Level 3 Communications officials were quick to assure vendors, customers and shareholders alike who may be still jittery following this week’s highly publicized calamities with other backbone and broadband companies.
After inquiries from analysts, Level 3 Chief Executive James Crowe issued a statement saying they hadn’t violated the terms of a $1.775 billion senior secured credit facility.
Based on his company’s Wednesday first quarter 2001 guidance, Level 3 is relatively safe from defaulting on its loan, he said, and that analysts didn’t take into consideration the methods used to determine how financial covenants are calculated.
“Additionally, if we continue to execute on our business plan and achieve our revised guidance, we will satisfy our covenants by a comfortable margin,” Crowe said.
Several investing firms downgraded level 3 shares after Level 3 officials reduced 2001 and 2002 revenue forecasts, from $1.7 billion to $1.4 billion in 2001 and from $2.9 billion to $2.3 billion in 2002.
Despite a mounting net loss, from $271 million in 2000 to $535 million, James Lee, vice chairman of J.P. Morgan, and lead arranger of the credit facility, said the backbone provider is not in danger of violating the terms of the loan.
“Based on information provided to J.P. Morgan by Level3, the revised projected revenues set forth in Level 3’s first quarter earnings release, if attained, would not result in a breach of the minimum revenue covenant in Level 3’s bank facility,” Lee said.
Lee went on to say that revenues associated with dark (unused) fiber were modeled after accounting practices in effect in 1999, so were reported differently in 2001.
The company has faced dwindling returns for a company that delivers fiber optics IP technology to a bandwidth-hungry Internet world.
The company touts its intentions to provide the first international end-to-end IP network, a ring of local and long-distance networks, expected to be completed in 2005.

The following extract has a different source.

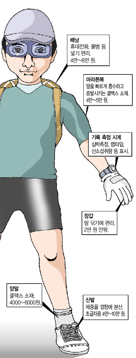 이 밖에 휴대전화 물 등을 넣을 수 있으며 달리기 편하게 디자인한 마라톤 배낭(4만∼8만 원), 흘러내리는 땀을 간편하게 닦을 수 있는 장갑(1만9000원 선)도 갖출 만하다.

Level 3 has been successful selling off major portions of its network in the U.S. In 2000, the company netted $2 billion in contracts from providers like McLeodUSA, Inc., and XO Communications, Inc.
It’s something of a habit for Level 3’s chief executive officer to keep the public informed. In recent months, Crowe has kept his shareholders in the loop with several such missives.
Last month, the chief executive officer announced his intentions to sell off a chunk of his personal shares in Level 3. In November, 2000, Crowe sent out an open letter after its stock value dropped from a company-high $132.250 per share value to $35.
It’s a drop that’s touched all companies in the high-tech community, from component makers like Cisco Systems, Inc., to companies that provide bundled business solutions like Exodus Communications.
The bear market that looks to be turning bullish in light of the Federal Reserve’s half of a point interest rate drop has still left its marks on the industry.
Toronto-based Nortel Networks Corp. Thursday night announced it would lay off 20,000 jobs in the coming months, 5,000 more than it had previously announced. Net losses for the first quarter 2001 were $38 million more than its net gains.
John Roth, Nortel president and chief executive officer, said the aftershocks of the bear market will be felt throughout the year and doesn’t expect his company to rebound until market conditions are improved.
“We only expect a meaningful rebound in capital spending following a period of industry rationalization and an improved economic environment,” Roth said. “Give the uncertainty as to the extent and timing of these events, we are not providing specific financial information for the next quarter or full year 2001.”